I finally got my LED kit and decided to put them all in yesterday. The interior lights work fine, I get to my puddle lights and everything comes appart easy and seems like an easy job. While installing the LED's I do check to make sure I have the correct polarity, but the light doesn't come on either way I put the bulb in. I then put the original bulb back in and still the light does not work. Has anybody experienced this issue before when doing the Puddle lights.


----------



## kingtito (Apr 9, 2013)

Eurofication said:


> I finally got my LED kit and decided to put them all in yesterday. The interior lights work fine, I get to my puddle lights and everything comes appart easy and seems like an easy job. While installing the LED's I do check to make sure I have the correct polarity, but the light doesn't come on either way I put the bulb in. I then put the original bulb back in and still the light does not work. Has anybody experienced this issue before when doing the Puddle lights.


Press the unlock button on your key.. See if they turn on.. You might of done that already just trying to troubleshoot..


----------



## Eurofication (Jul 10, 2013)

^ Yeah did that and the light wouldn't come on even with the original bulbs back in


----------



## kingtito (Apr 9, 2013)

Eurofication said:


> ^ Yeah did that and the light wouldn't come on even with the original bulbs back in


Fuse? Again, you probably already checked that. Just coving the simple stuff first.


----------



## Eurofication (Jul 10, 2013)

Yeah already checked the fuse too, which is why it is annoying me they worked yesterday before I pulled them apart and now nothing, and everything seems to be fine. Guess I will pull apart again today to check again.


----------



## martinelles (Feb 10, 2012)

Eurofication said:


> Yeah already checked the fuse too, which is why it is annoying me they worked yesterday before I pulled them apart and now nothing, and everything seems to be fine. Guess I will pull apart again today to check again.

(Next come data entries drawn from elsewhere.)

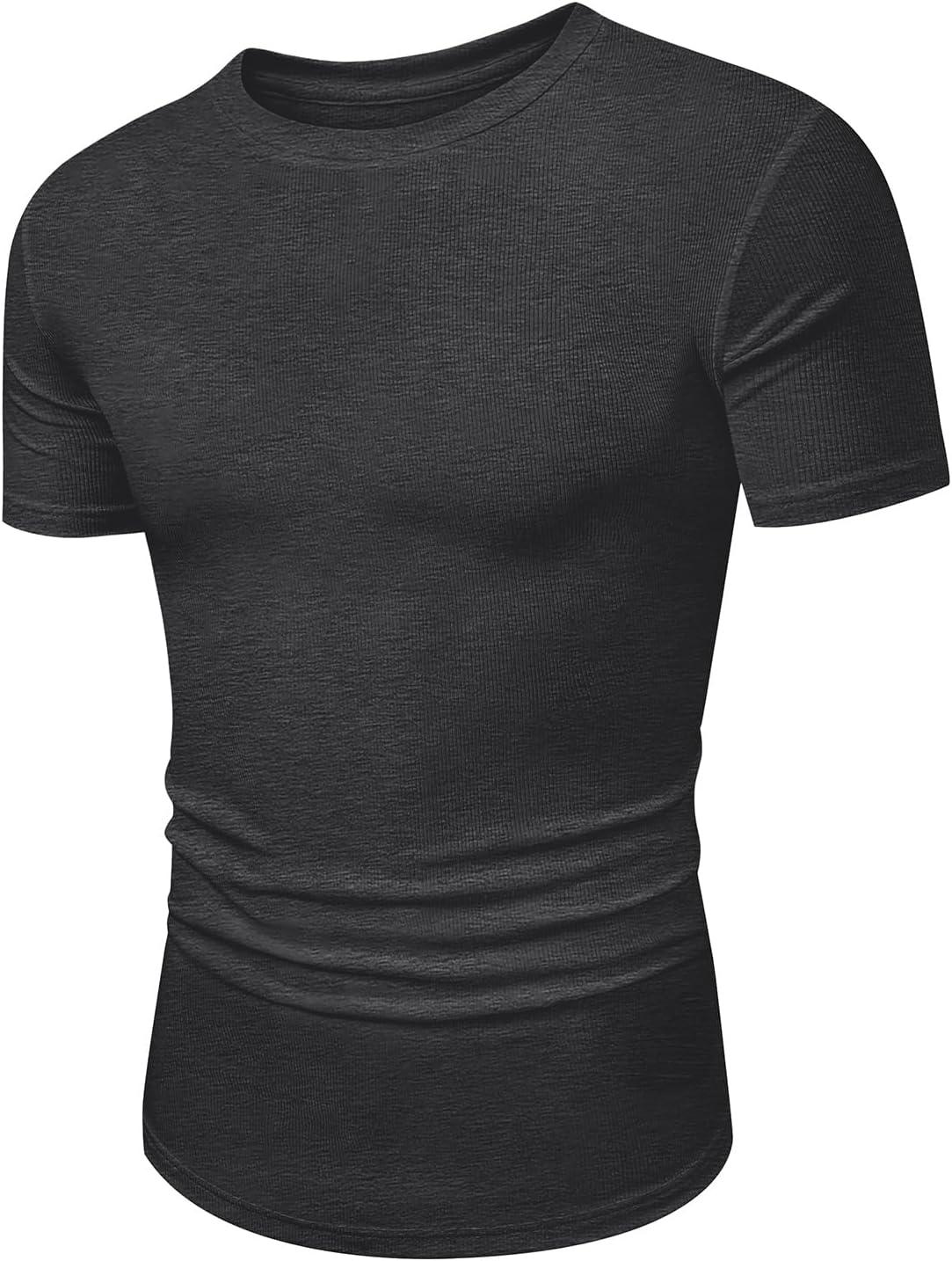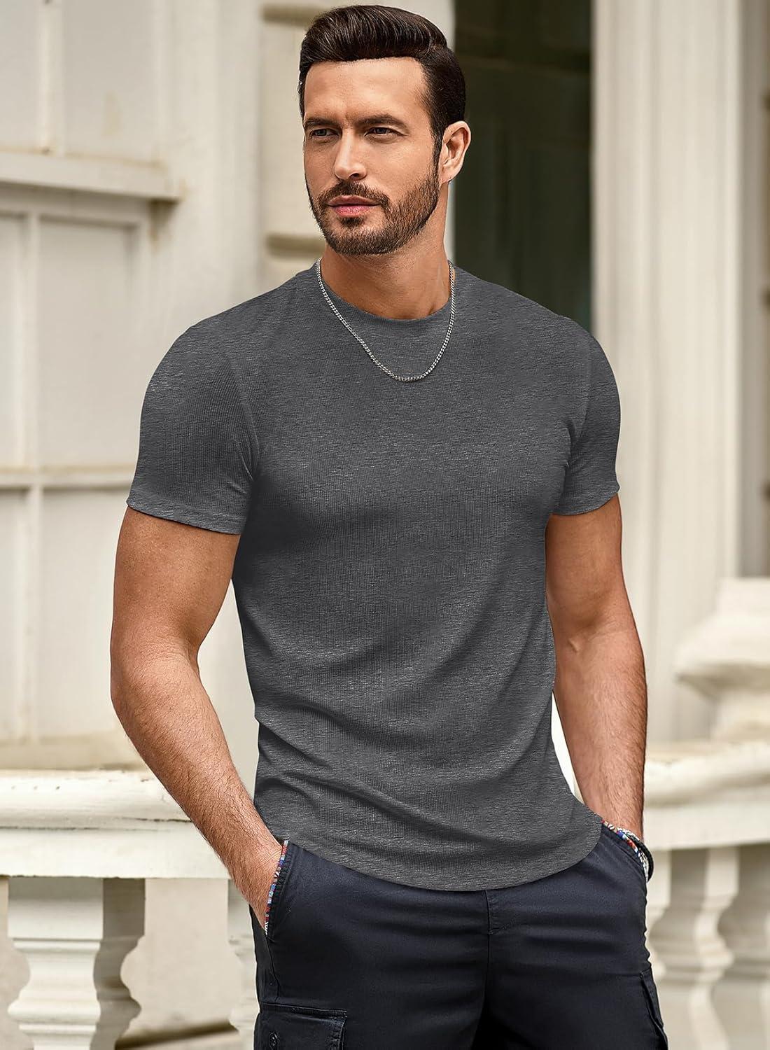 JMIERR Mens Short Sleeve T Shirt Summer Muscle Slim Fitted Crewneck Longline Tees Shirts for Gym Workout(A Dark Grey)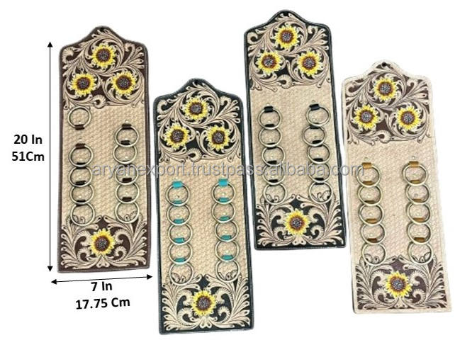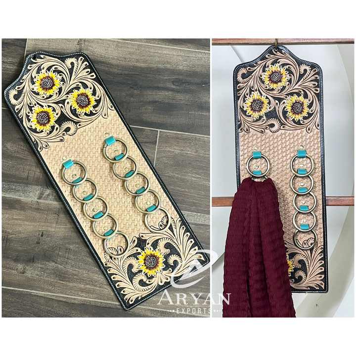 Vintage Hand Tooled Leather Scarf Rag Holder with Multi Ring Design for Closet Organization Decorative Durable Storage Accessory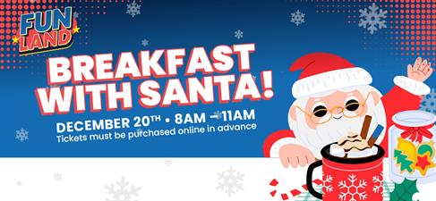 Join us on December 20th from 8am to 11am for a magical morning with Santa at Fun Land Fredericksburg! Enjoy a delicious breakfast of pancakes, sausage, fresh fruit, and juice, plus $20 in arcade game play. Ride the Frog Hopper, try your luck at Mini Bowling, and make memories with Santa himself!
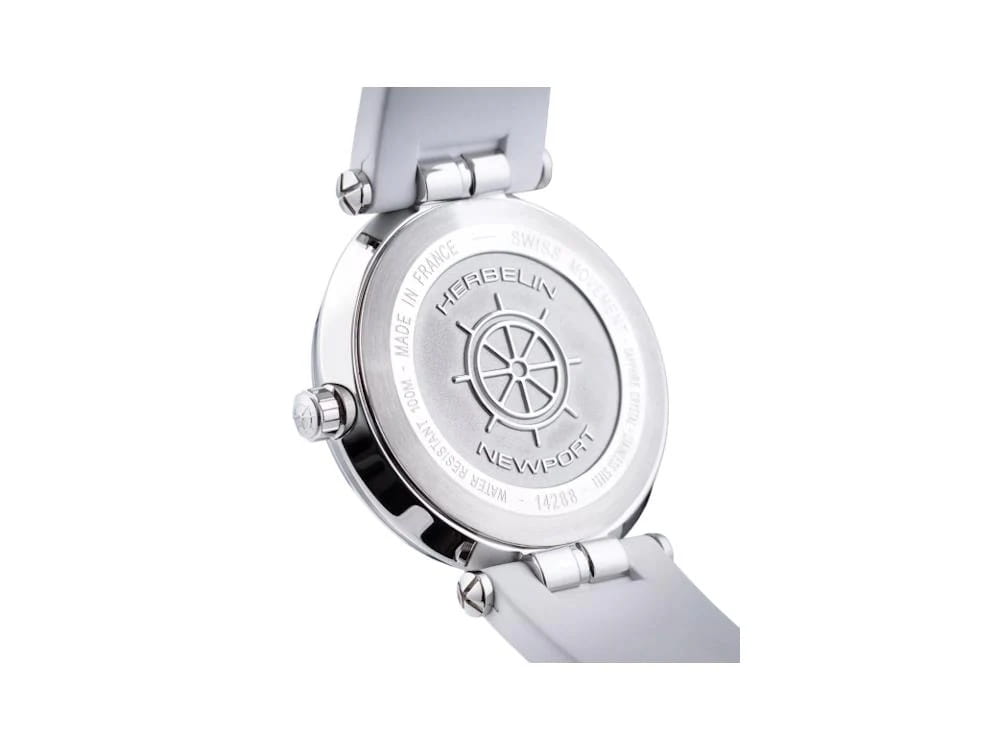 Женские кварцевые часы Herbelin Newport 14288AP89CW – отражающий идеальное сочетание современного дизайна, надёжности и функциональности. Элегантный облик станет превосходным завершением образа, наделив его индивидуальным характером. Корпус из нержавеющей стали серебристого цвета, диаметром 34.5 мм и толщиной 7.9 мм, идеально сбалансирован и элегантен. Сапфировое стеклоСапфировое стеклоПрочный и надёжный материал из кристалла сапфира синтетического происхождения, характеризующийся особой твёрдостью и устойчивостью к царапинам и повреждениям. защищает циферблат от царапин и устойчивое к механическим повреждениям. БезельБезельВнешний ободок, закрепляющий стекло. В спортивных часах так называется поворотное кольцо с делениями на циферблате, выполняет роль таймера – замеряет отрезки времени на шкале. Неподвижный безель – элемент декора. Однонаправленно вращающийся безель на дайверских часах позволяет фиксировать моменты погружения и выныривания на поверхность. украшен винтами, заводная головка с защитой. Окошко даты находится в положении 3 часа. Стрелки и метки с люминесцентным покрытиемЛюминесцентное покрытиеПозволяет считывать показания времени в темноте. Производители наносят на стрелки, часовые индексы, безель или поверхность циферблата светонакопительный состав, дающий холодное свечение.. Циферблат украшен бриллиантами. Белый каучуковый ремешок на застёжке-бабочке с кнопкамиЗастёжка "бабочка"Такой вид застёжки дополняется предохранителями, помогающими избежать случайного раскрытия браслета. Обладают изящным исполнением. обеспечивает комфортное ношение. Водозащита 100 метров позволит плавать, нырять и заниматься другими водными видами спорта. Эта модель – отличный выбор для тех, кто ищет сочетание стиля, качества и функциональности. Часы станут не только полезным аксессуаром, но и выразительным элементом вашего имиджа.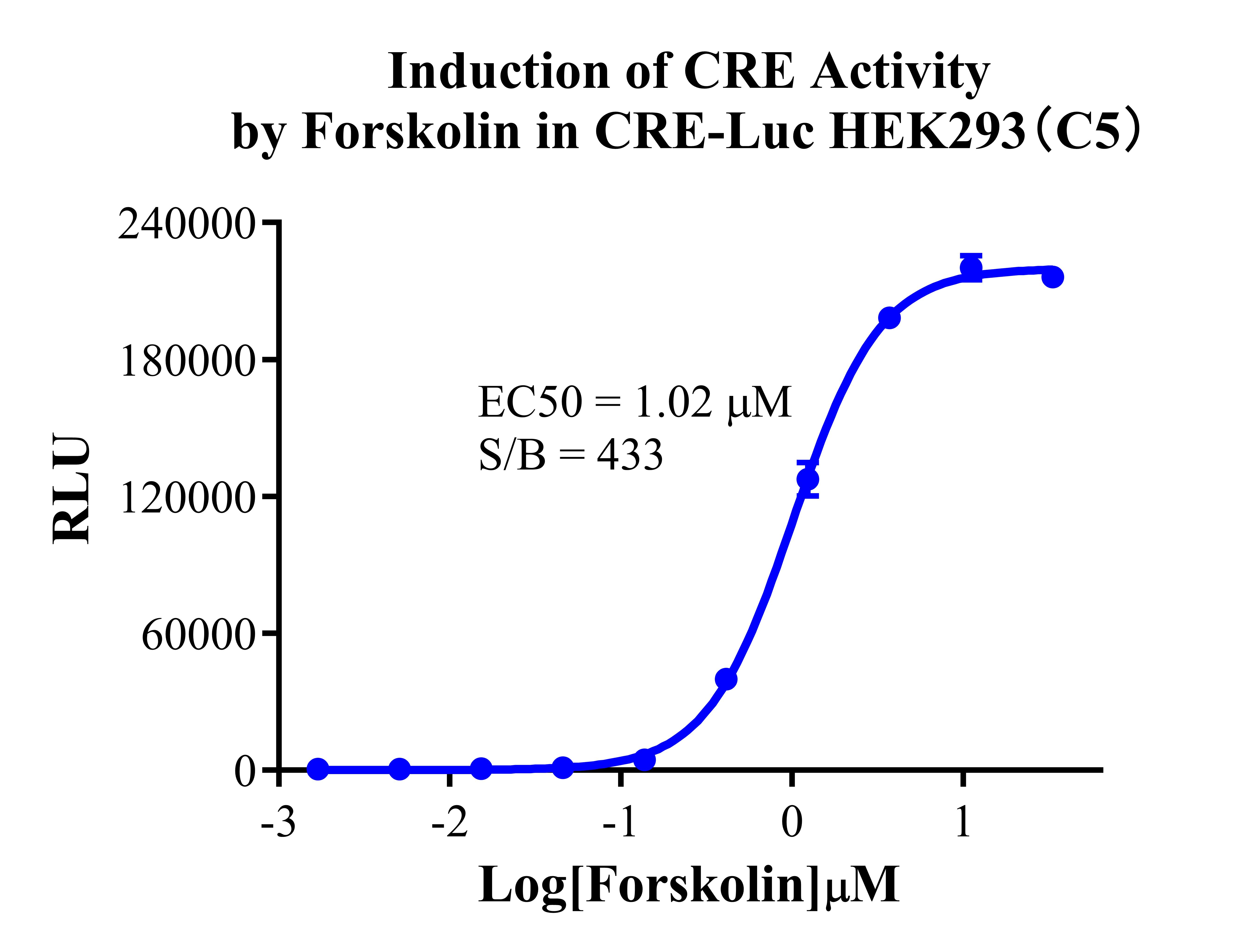 CRE-Luc HEK293 報(bào)告基因細(xì)胞是由 CRE 調(diào)控并表達(dá) Luc 熒光素酶報(bào)告基因的 HEK293 細(xì)胞。Forskolin 是天然存在的直接腺苷酸環(huán)化酶(AC)/cAMP/CREB 的 激活劑,原理見(jiàn)下圖所示。![]() Figure 1:CRE-Luc HEK293 原理示意圖 |
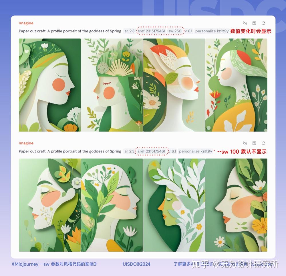 同样的,一旦在提示词中添加了 --sref 代码,我们的每次生成都会受 --sw 参数的影响:系统会自动在提示词中加上 --sw 100 这个参数, 但 100 的默认值,所以它并不会显示在提示词中,只有手动设置或使用了 100 以外的数值时,才能看见它。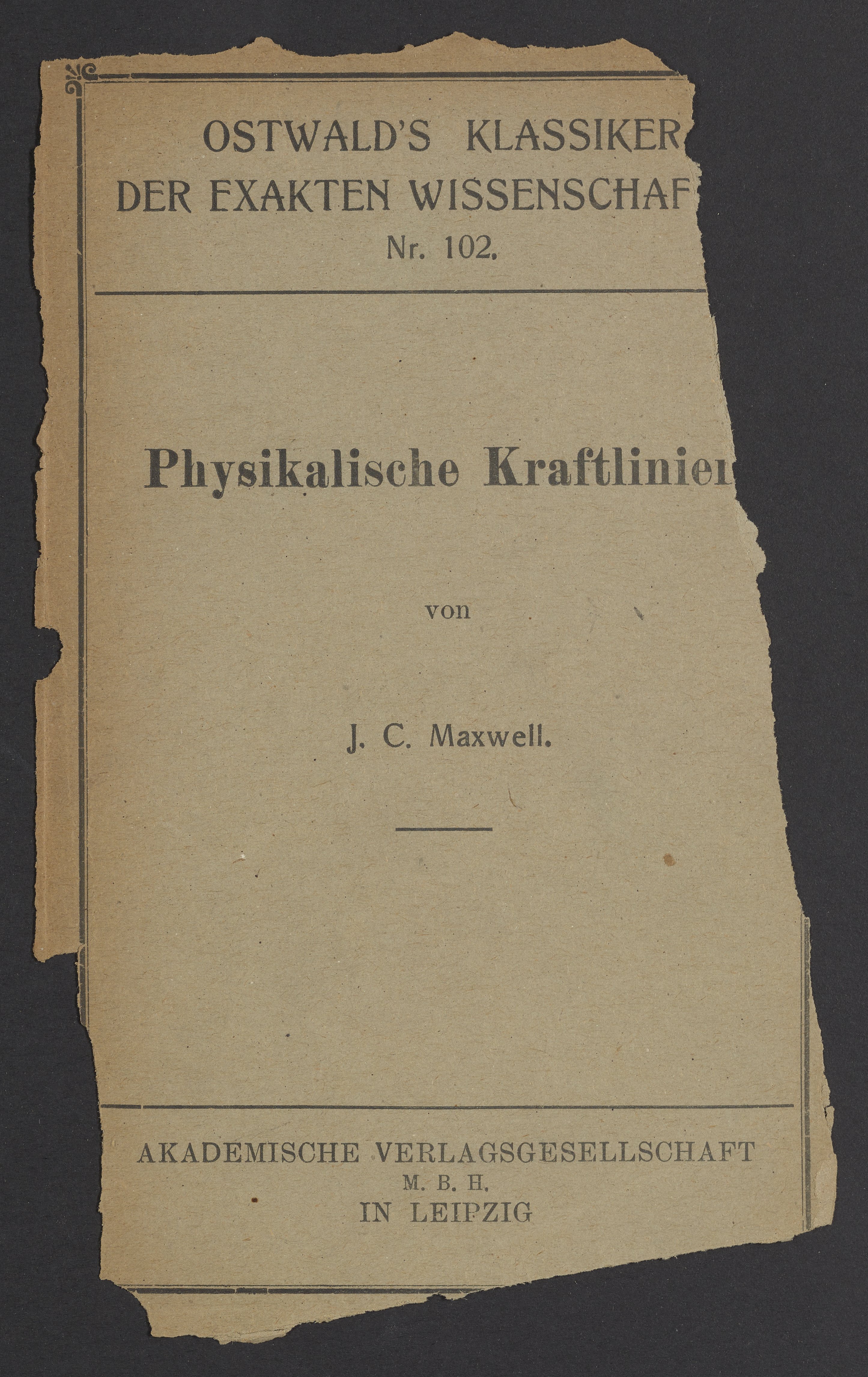 Maxwell, James Clerk. “Cover of Physikalische Kraftlinien,” 1898. Papers of Georg and Max Bredig, Box 4, Folder 30. Science History Institute. Philadelphia. https://digital.sciencehistory.org/works/4d6rp9w.

So i have noticed that with my LEDs too. By that i mean sometimes the car does the "opposite" of what it did without LED's. by that i mean sometimes the lights only come on when i close the doors and turn off when I open the doors. Usually this is rectified by closing the doors and locking them with the key fob then unlocking them. Also its only really noticed when i have had the doors open for an extended period of time or have opened and closed different doors in weired combinations like when detailing the car. 

So i would try closing all of the doors and locking the car then unlock them and see what happens.

CANBUS is great but can be a quirky SOB sometimes.


----------



## Eurofication (Jul 10, 2013)

Yeah I thought the same thing too, but had it locked all night came out this morning and still nothing. Gonna take them apart again and switch them around again to see if anything happens this time.


----------



## DarthBajan (Oct 22, 2008)

Make sure that the contacts in the housing are actually touching the contacts on the bulbs. I noticed that they became loose when I took the original bulbs out, so I made the space tighter so I had to apply more force to slide the LEDs in. Works like a charm now.


----------



## Eurofication (Jul 10, 2013)

I will double check that this afternoon, but they had a tight fit when I put them in the sockets


----------



## talja10 (Jan 4, 2010)

Just my 02.the bulbs have a specific side if u put it wrong way it wont turn and maybe it shortens out.


----------



## Eurofication (Jul 10, 2013)

Got the puddle lights to work. I ended up having to take both mirrors apart, bulb out of both and put the LED in both of them to ensure I had both working proper. then put everything back together and they work now. 

I tried one mirror at a time, got the drivers side working, put it together and moved to the passenger side, then all of a sudden neither worked. So I took the drivers side apart again and did both at the same time and now they both work. Damn touchy LED bulbs.


----------



## aero3113 (Sep 30, 2013)

On my 13 CC I had to put a rag on the windshield over the sensor for sun light to make them work during the day. I don't know if a 2010 has that same sensor?


----------



## OEMplusCC (Jan 27, 2013)

JUST FYI, if you are installing during a day light your puddle lights will not turn on.

Use a rag to cover light sensor located on your windshield to mimic night time

Also, squeeze bulb holder tabs close together for better fitment.


----------